I have the following problem: $\Omega\subset \mathbb{R}^N$ is open and bounded with Lipschitz boundary.I have a sequence of functions $(u_n)\subset W^{1,\infty}(\Omega)$ that converges to $u\in W^{1,\infty}(\Omega)$. In order to finish a proof I'm working on I need to prove that this assumption implies that $\nabla u_n $ converges to $\nabla u $ in $L^\infty$ (or $L^1$, both will work).
I have found the following theorem in the functional analysis book by Brezis (corollary 9.14)
For $1\leq p \leq \infty$ $W^{1,p}(\Omega) \subset L^\infty(\Omega)$ for $p>N$ the injections is continuous and for all $u\in W^{1,p}$ we have $$|u(x)-u(y)|\leq C_{\Omega,N,p} \| u\|_{W^{1,p}} |x-y|^\alpha$$ where $\alpha = 1 - N/p$.

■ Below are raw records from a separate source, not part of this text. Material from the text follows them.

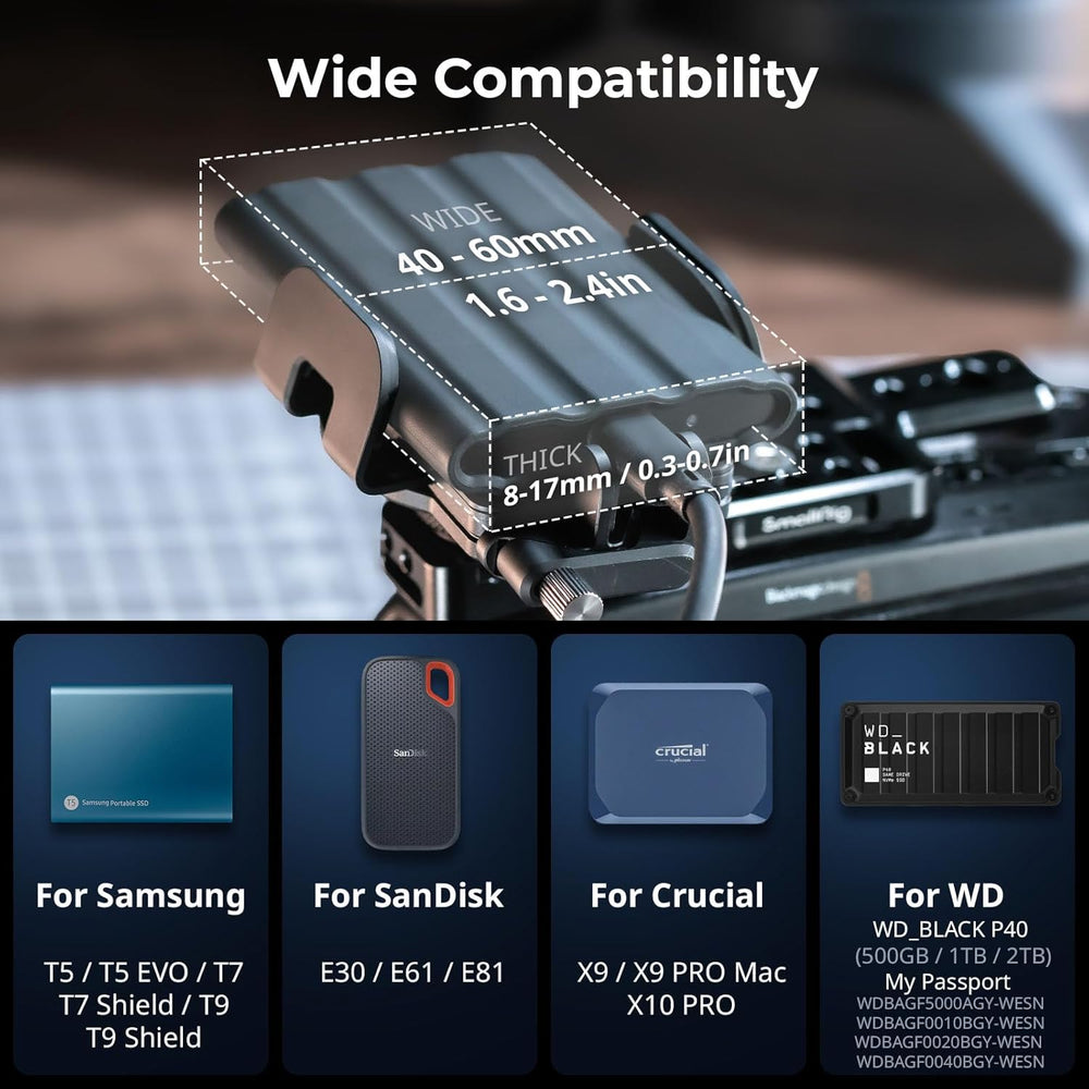 SMALLRIG Universal SSD Halterung mit Kabelklemme für Blitzschuh, 40–60 mm Klemmbreite, SSD-Halterung
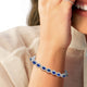 • Load image into Gallery viewer, Jewelili Link Bracelet with Oval Created Ceylon Sapphire and Natural White Round Diamonds in Sterling Silver 7.5" View 3
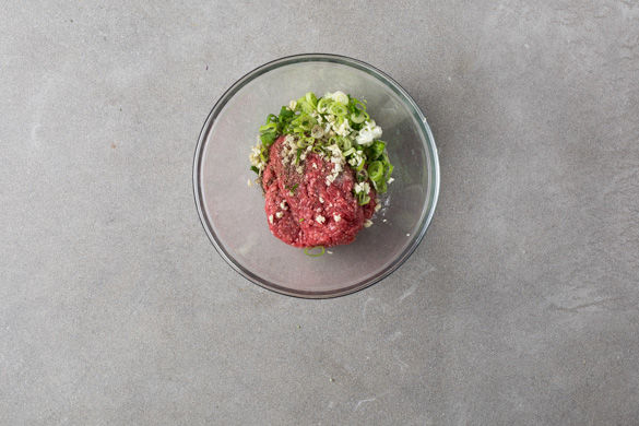 Das Hackfleisch mit dem Knoblauch und den Lauchzwiebeln verkneten, mit Salz und Pfeffer abschmecken.
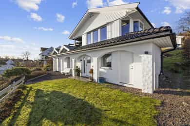 Velkommen til Bakkeåsveien 13! En innholdsrik enebolig med en fantastisk beliggenhet i en rolig og sjarmerende gate i idylliske Åsgårdstrand. Her bor man høyt og fritt med panoramautsikt over Oslofjorden! Boligen går over to etasjer med store og gode rom. I hovedetasjen i 2. etasje har en meget romslig stue med to peiser og god plass til flere soner, samt en spisestue med utgang til en overbygget balkong. Her finner du også en praktisk "master suite" med direkte adkomst til et stort, lekkert bad som ble pusset opp i 2023 og walk-in closet. 1. etasje byr på to soverom, et bad, et stort kontor/hobbyrom med flere bruksmuligheter, samt en praktisk bod. Det er ingen boplikt, hvilket gjør at boligen også utmerket skulle kunne fungere som fritidsbolig! Velkommen til en hyggelig visning!
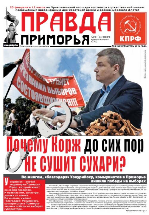 Эти и другие материалы Вы можете прочитать в февральском номере краевой газеты "Правда Приморья!". Спрашивайте номер в городских и районных отделениях КПРФ!
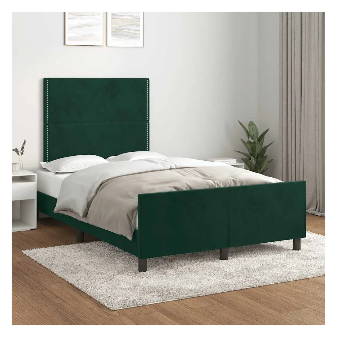 Cadre de lit sans matelas vert foncé 120x200 cm velours
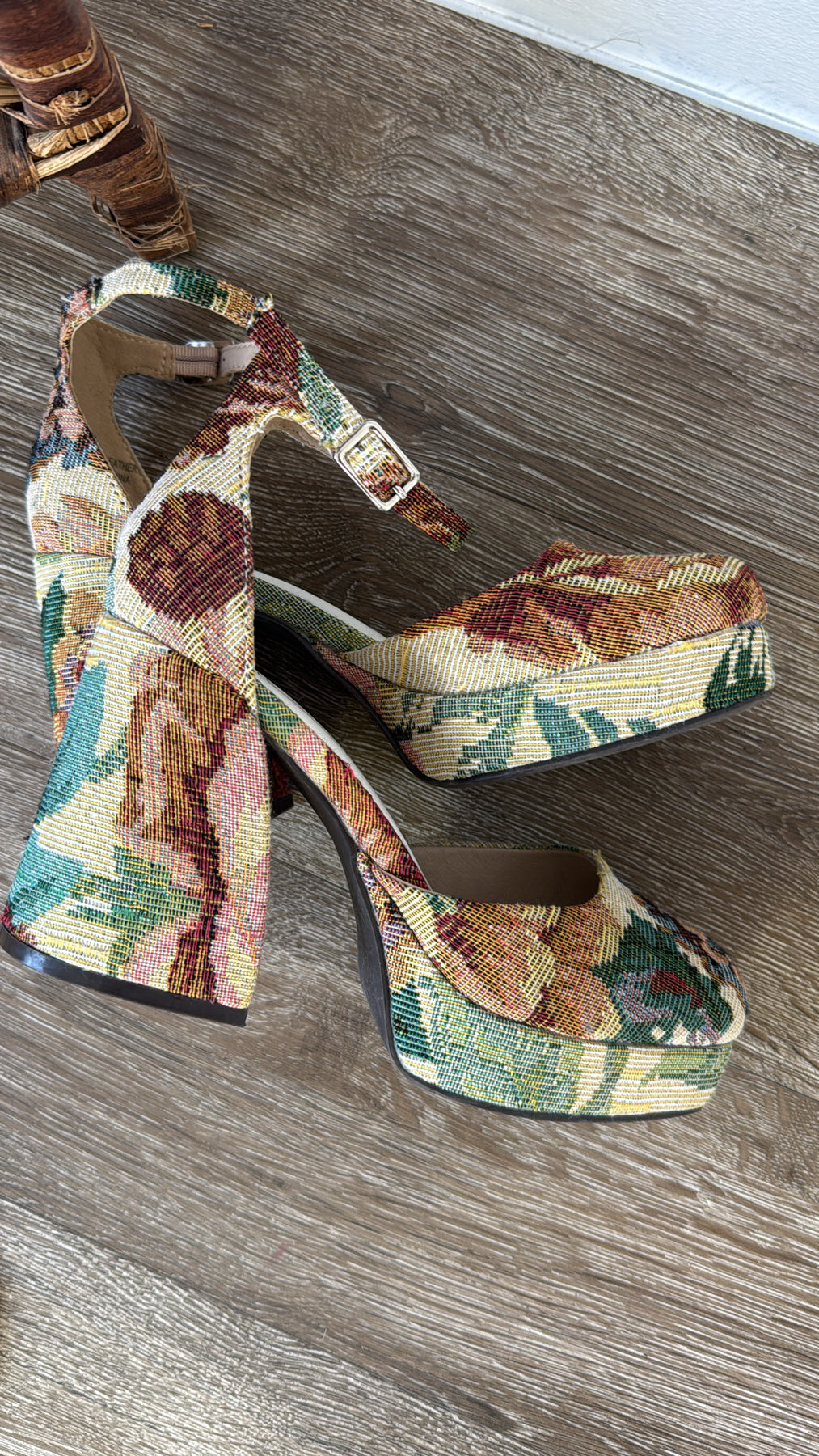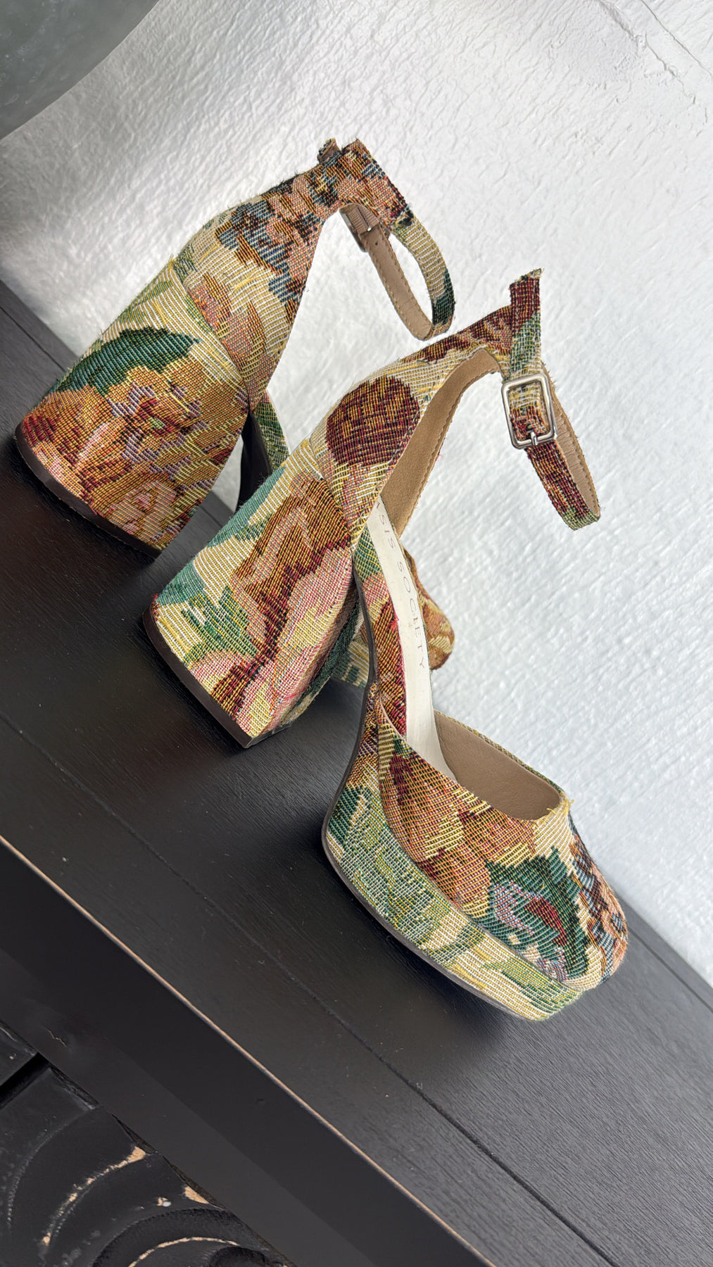 The Delilah Tapestry Floral Chunky Platform Heel truly elevates any look. Featuring an ultra-comforting platform style, adjustable buckle strap, and true-to-size fit.
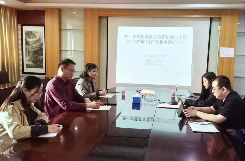 为促进信息技术与教育深度融合,推动现代化信息技术赋能新工科专业建设及教学改革,4月12日下午,北京贝斯林泰岳教育科技有限公司智慧教育课题组成员王少飞、董晓艳莅临我院,举行《基于智慧教育数字信息化的电子信息工程“新工科”专业建设研究与实践》项目交流座谈会。座谈会由电子信息工程系主任张秀再主持,系支部书记周晓彦、教学秘书陈慧参会。
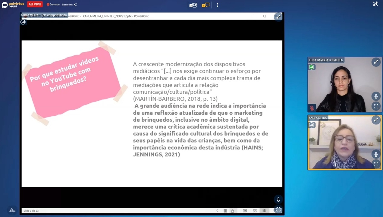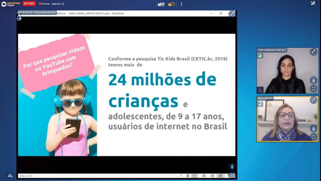A publicitária e pesquisadora da influência da mídia na identidade infantil Karla Meira abordou o tema na live transmitida pelo programa Vem Saber Uninter, transmitida pelo Univirtus e intitulada “YouTube e crianças: discurso e identidade”. O evento contou com a mediação da tutora dos cursos de pós-graduação de Comunicação da Uninter Edna Chimenes.
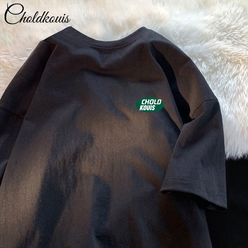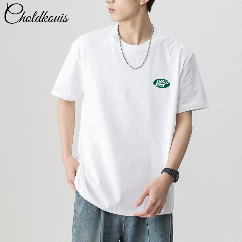 남성용 헤비 티셔츠 남성용 퓨어 코튼 쇼트 슬리브 여름 라운드 넥 아메리칸 스타일 새로운 유행 하이 엔드 하프 슬리브 루즈스토어 가기
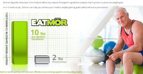 Feature : Weight gain pills that improve appetite and assists the body to gain weight in the right places. Avoid options that can cause problems such as cushing syndrome which causes weight gain in the lower back and belly. Eatmor is a weight gain formula that uses bitter herbs and other natural ingredients to promote healthy muscle mass, weight gain, and increased energy. / Eatmor has been developed to direct where the weight to go to muscles that are more often used. Users notice an enhancement in all muscles: arms, legs, back and butt. Eatmor gives you the appetite and cravings to eat the right food to improve muscle mass and strength. / Eatmor is also recommended by caregivers from coast to coast to improve appetite. As an appetite stimulant for the elderly, Eatmor has been recognized as an effective way to stimulate the appetites in older adults and works well for men and for women as well. / Eatmor helps as an enlargement agent to boost your muscular ability to grow. By acting as a weight and mass gainer Eatmor supports Increasing the amount of calories you can take in / 100% Satisfaction guaranteed with a 30 day money back guarantee.
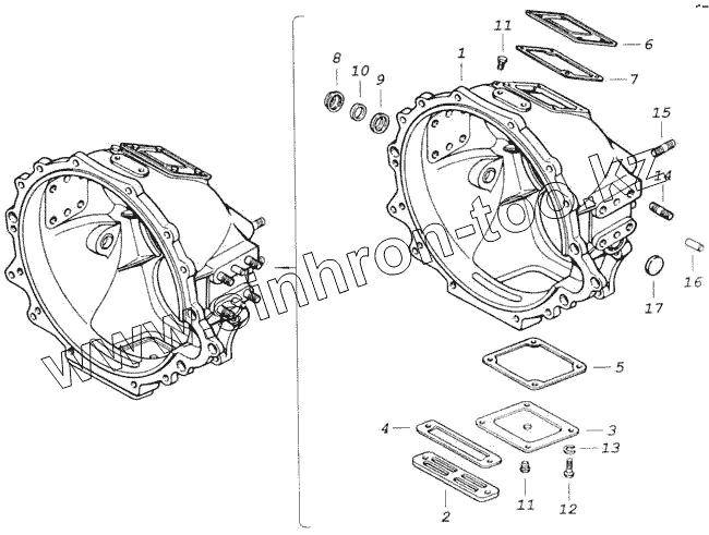 Каталог запасных частей к технике: Камский автозавод 43118. Картер сцепления
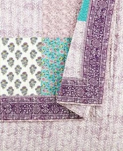 This new Jessica Simpson quilt adds a boho touch to your bedroom with the look of hand-crafted Indian prints. Small textured global floral prints in shades of purple and teal are pieced together in a pattern of big, bold squares. Beautiful pieces of velvet in a soft teal tone add an extra special tactile element to complete the luxurious look. Reverses to a distressed floral print in lavender hues.
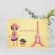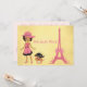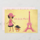 This Paris theme birthday invitation featuring a gold parchment background on front with an African American girl, fancy cat, and Eiffel Tower depicted in pink and white polka dots. "Ooh la la Paris" is written in fancy pink font. The back of the invitation has soft pink background with darker pink font. Purchase yours today!
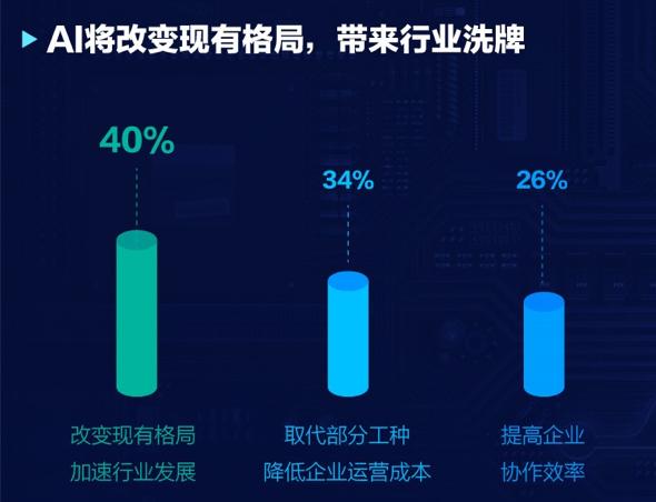 调查数据也支持了这一实例。60%的人认为人工智能出现会取代部分工种,降低企业运营成本,提高企业协作效率;40%的人表示人工智能会改变现有格局,加速行业发展。

By taking $p=\infty$ I can get $$\frac{|u(x) - u(y)|}{|x-y|} \leq C_{\Omega,N,\infty} \|u\|_{W^{1,\infty}}$$
My question is: Is it possible to conclude from this that $$\|\nabla u\|_{L^1} \leq C \| u\|_{W^{1,\infty}}$$ or $$\|\nabla u\|_{L^\infty} \leq C \| u\|_{W^{1,\infty}}$$ or none of the above.